How to speed up search for abundant numbers?

Question

Is there a way which this code could be improved so that it would run faster? Currently, this task takes between 11 and 12 seconds to run on my virtual environment

def divisors(n):
    return sum([x for x in range(1, (round(n/2))) if n % x == 0])

def abundant_numbers():
    return [x for x in range(1, 28123) if x < divisors(x)]

result = abundant_numbers()

Answer 1

Whenever you look for speeding up, you should first check whether the algorithm itself should change. And in this case it should.

Instead of looking for divisors given a number, look for numbers that divide by a divisor. For the latter you can use a sieve-like approach.

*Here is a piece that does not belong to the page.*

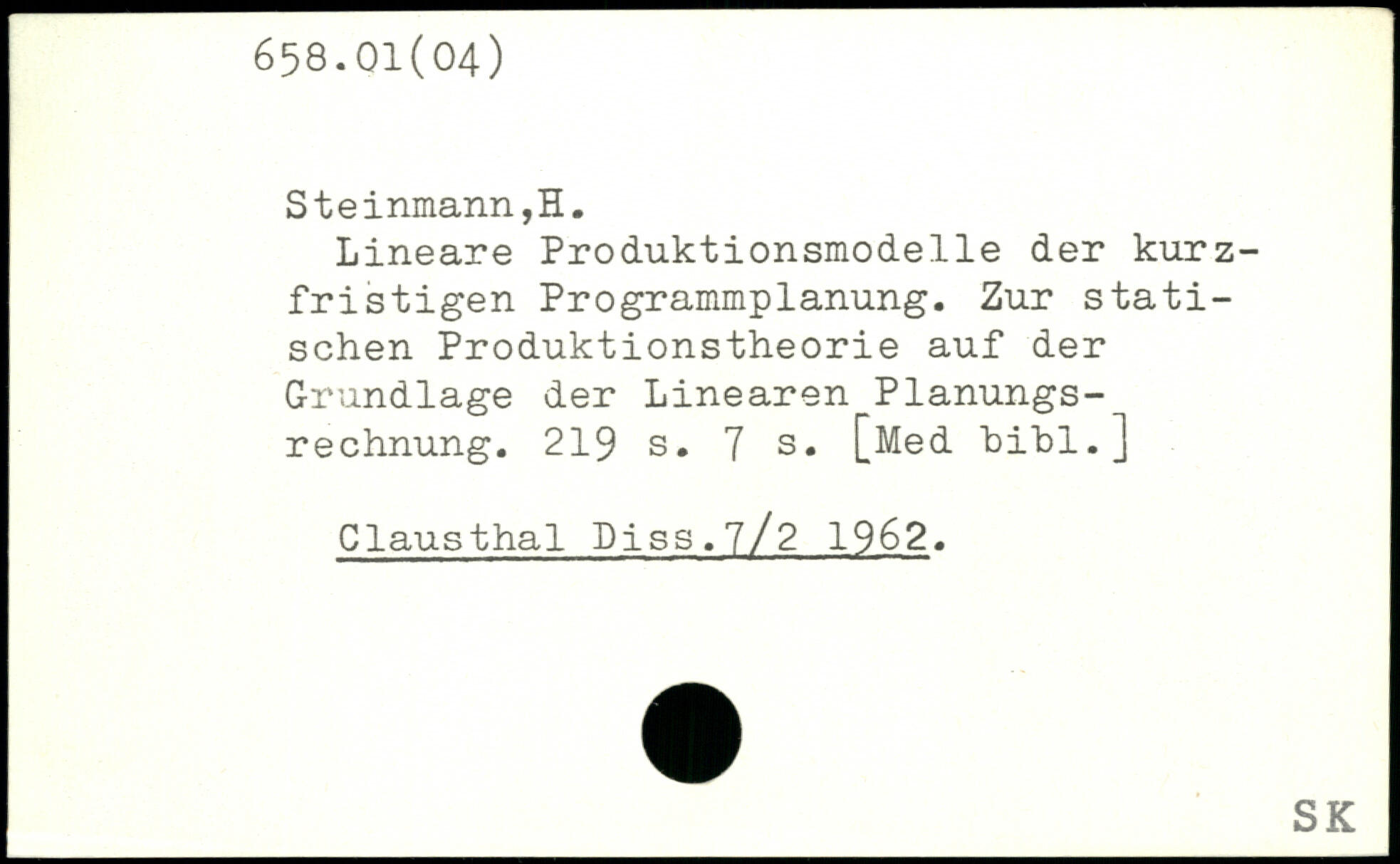 Lineare Produktionsmodelle der kurzfristigen Programmplanung. Zur statischen Produktionstheorie auf der Grundlage der Linearen Planungsrechnung.

That leads to this algorithm:

def abundant_numbers(n):
    # All numbers are strict multiples of 1, except 0 and 1 
    divsums = [1] * n  
    for div in range(2, n//2 + 1):  # Corrected end-of-range
        for i in range(2*div, n, div):
            divsums[i] += div  # Sum up divisors for number i
    divsums[0] = 0  # Make sure that 0 is not counted
    return [i for i, divsum in enumerate(divsums) if divsum > i]

result = abundant_numbers(28123)

This runs quite fast, many factors faster than the translation of your algorithm to numpy.

Note that you had a bug in your code. round(n/2) as the range-end can miss a divisor. It should be n//2+1.